Israeli opposition leader Yair Lapid and families of hostages called for a general strike in Israel on Monday to force the government to reach an agreement to release the remaining hostages.
In the Hamas attack on October 7, which triggered the war in the Gaza Strip, 251 people were abducted in Israel and taken to Gaza. 97 are still being held in Gaza, including 33 who have been declared dead by the army.
This vast attack resulted in the deaths of 1,199 people on the Israeli side, mostly civilians, according to an AFP count based on official data.
Israelis killed in West Bank
Israel has vowed to destroy Hamas, a movement it labels a terrorist group, as do the United States and the European Union.

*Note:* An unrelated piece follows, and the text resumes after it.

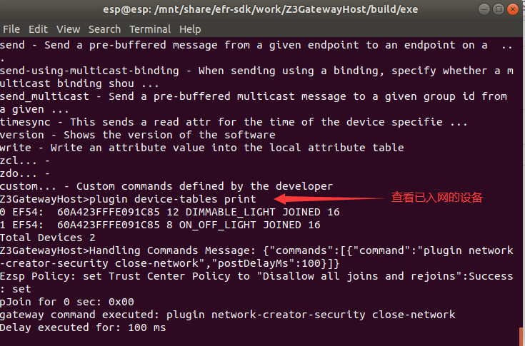 在Z3GatewayHost 的命令行下,通过plugin device-tables print命令可以看到已经加入的设备

The Israeli reprisals have killed at least 40,738 people in the Gaza Strip, according to the Hamas Health Ministry, causing a humanitarian and health disaster and displacing almost all of the 2.4 million residents. The majority of the dead are women and minors, according to the UN.

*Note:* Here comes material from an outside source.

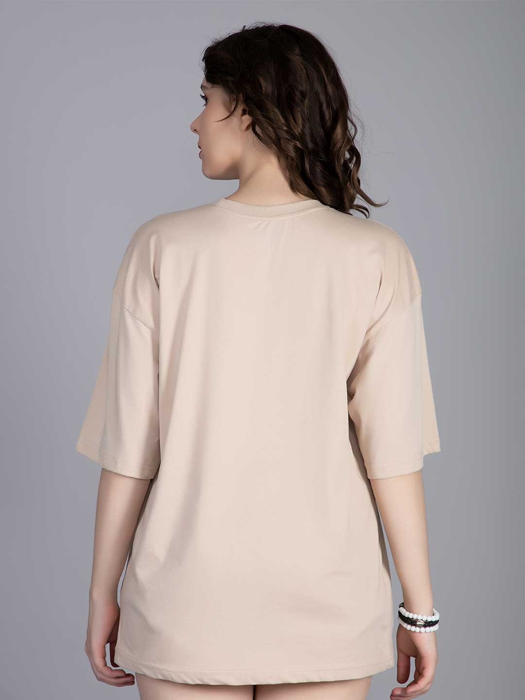 Product Details: Half Sleeves Crew Neck 200 GSM Fabric Fit: Oversized Fit Fabric: 100% Premium Cotton | Sustainable 2X stronger cotton thread used Size: Model is wearing L size Country of Origin: Proudly Indian Washing Instructions: Machine wash. Do not iron directly or scrub on print. Dry on flat surface as hanging may cause measurement variations Color shown in the picture may vary from the actual product due to different lighting Product Description Make a bold statement with beige color NEW WORLD Women Graphic Oversized Printed T-Shirt. Buy online from PRONK, available in XS to XXL size. Free Shipping!

At the same time, Israel is continuing a vast operation described as “anti-terrorist” which began on Wednesday in the north of the occupied West Bank, which has sparked protests from the international community.
In the south of the territory, three Israeli police officers, including a woman, were killed on Sunday near a checkpoint in an “armed attack”, according to the commander of the Israeli police.
This attack was not claimed but Hamas saw it as “a natural response to the massacres of the Palestinian people”.
Israeli excavators were destroying streets in Jenin on Sunday, one of the cities targeted by the Israeli operation in the northern West Bank, an AFP photographer observed.
At least 22 Palestinians, mostly fighters, have been killed by the Israeli army in the West Bank since Wednesday, according to the Palestinian Health Ministry. All of them “terrorists,” the Israeli army said.
Hamas, which has ruled Gaza since 2007, and Islamic Jihad, another armed group, said at least 14 of the dead were fighting in their ranks.
“Peace, the best vaccine”
In the Gaza Strip, a polio vaccination campaign began Sunday morning, with the aim of vaccinating more than 640,000 children under the age of ten. It is currently being carried out in the center of the territory and will include two more phases for other areas.
Louise Wateridge, spokeswoman for the UN agency for Palestinian refugees (UNRWA), spoke in the afternoon of a “success” with “thousands of children vaccinated”.
On Thursday, the World Health Organization (WHO) announced that Israel had agreed to “humanitarian pauses” in the campaign.
Denying “reports of a general ceasefire” to allow the campaign, Mr Netanyahu’s office said Israel would allow “only a humanitarian corridor”.
WHO Director-General Dr.r Tedros Adhanom Ghebreyesus, for his part, said that for the children of Gaza, “the best vaccine […] is peace.”
Elsewhere in the Gaza Strip, the Civil Defense reported two dead and six injured in an Israeli airstrike on a house in Gaza City.
Pope Francis called on Sunday for an immediate ceasefire, the release of hostages and aid for the people of Gaza “where so many diseases are spreading.”